Ultimately being cost effective will be productivity-based with sops from the government contributing a small part. We are already competitive against the US and Europe in terms of labour costs and frugal engineering, our inherent advantages. But we also suffer from a host of disadvantages like power costs and other infrastructure costs, so there are both pros and cons. The key is to improve our productivity and manage our costs better. Here cluster programmes are very important in helping improve productivity and lower costs.
Can you cite some examples of cluster programme benefits?

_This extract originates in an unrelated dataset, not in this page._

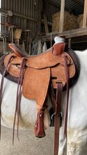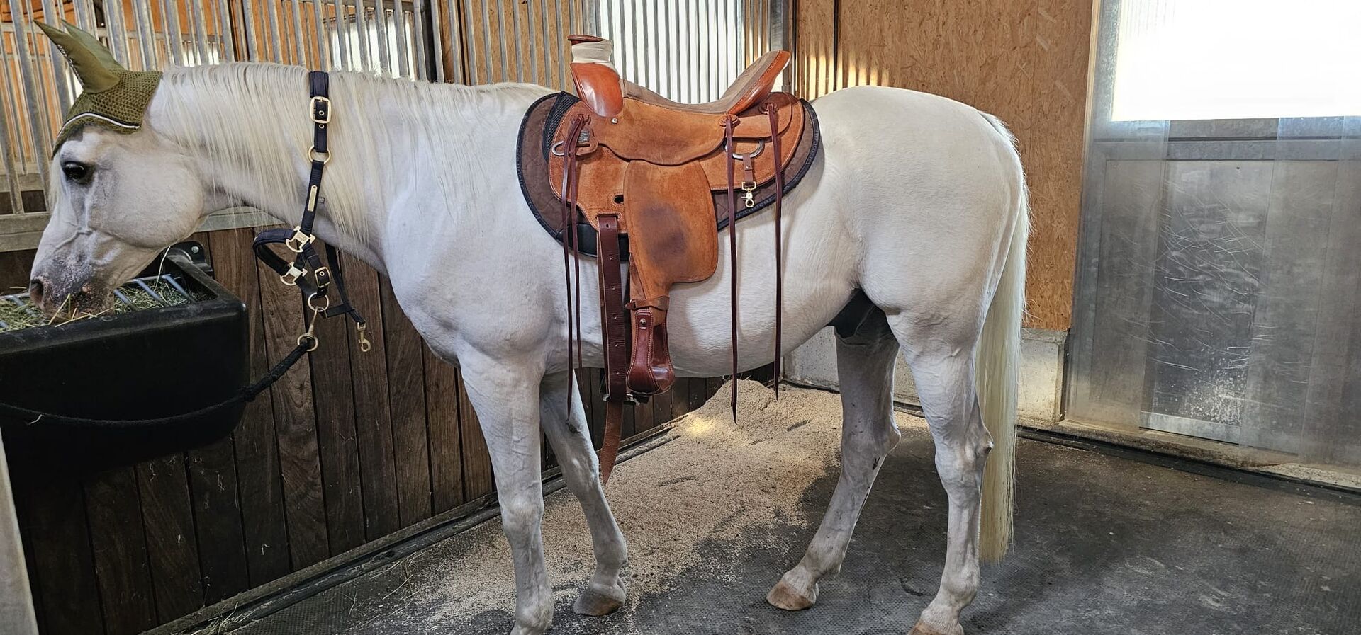 Kenner-Store Equiflex Dames Allrounder Zadel maat 16 - Ik verkoop mijn geliefde westernzadel omdat mijn paard met welverdiend pensioen is gegaan. Het is een Equiflex speciaal zadel "Dames Allrounder" - ongeveer 60/61 cm lang - Nieuw Castano Ruw uit - Vork, Cheyenne Roll en stijgbeugels glad leer. - Zitleer nubuck bruin - Spatbord uitgedraaid o.B. - Keurmerk dubbele lijn o.B. Zitmaat 16 10 jaar garantie op zadelboom en afwerking

We undertake it at a two pronged level – we have the ACMA Centre of Technology that runs these programmes and we have also taken up a pilot phase where we obtained funding from the government and took up a project with UNIDO. Several component companies have benefitted from it. The criterion is the company’s CEO involvement and the programme is now being carried forward in the second phase. We have the government’s approval for its implementation wherein we will introduce new subjects like energy management into the programme.
How severely is the component industry impacted by rising fuel prices?
It is definitely impacted from both a sales and costs standpoint because power is not available. Diesel is more expensive on the cost side that is hurting the market sentiments and leading to a drop in passenger car sales.
Do you feel there is a need for the industry to get its act together in some areas of components?
Yes, in transmissions and in electronics that will be the future of automobiles. The current content of localisation in electronics is fairly low. This can be achieved through product development, R&D and innovation as well as enhancing the productivity of workers both blue and white collared.
Auto Expo 2014 is around the corner and for the first time SIAM and ACMA will be represented at different sites. What are ACMA’s expectations from the Expo?
We may be physically separate but otherwise SIAM and ACMA are like husband and wife and the show is happening together. The earlier exhibition ground at Pragati Maidan had some issues. The Greater Noida exhibition venue may experience logistical issues but overall ACMA is not interested in footfalls the way SIAM is. We are more interested in the right feet coming to our stalls. We want the OEMs' purchasing and engineering teams to visit our stalls and SIAM has already committed to bringing all its purchasing and engineering people to the ACMA show. Some special buses are being arranged to bring them. We are not interested in public footfalls.
How do you visualise the growth potential and challenges in the Delhi-NCR region?
Maruti Suzuki and Hero MotoCorp, the number one car and two-wheeler manufacturers respectively in India, are located in this region, so any growth will directly impact this region positively. Both hold a market share of around 50 percent; so once sales for Maruti and Hero pick up, it will positively impact growth in this region. The main issue in this belt is human resources. What has been happening in the past couple of years on the labour front is unfortunate; otherwise, this belt has a lot of engineering talent, lot of resources and scale. What is required are changes in the archaic labour laws.
What steps is ACMA taking to skill workers?
ACMA has an HR and Skills Development Committee which conducts various initiatives like training programmes. Also, the National Skills Development Corporation and under it the Automotive Skills Development Council (ASDC) and ACMA have started to work closely together. The past ACMA president (JayantDavar) has now been nominated as the ASDC president and we are hopeful of working together even more closely on skill development.
How has the aftermarket been impacted by the slowdown and what is the current status on counterfeit components?
The aftermarket is also not growing significantly and is experiencing negative to flat growth with a lot of it due to lack of credit availability that is hurting the market sentiments. But we are still bullish that with liquidity improving, the aftermarket should pick up in the latter part of the year.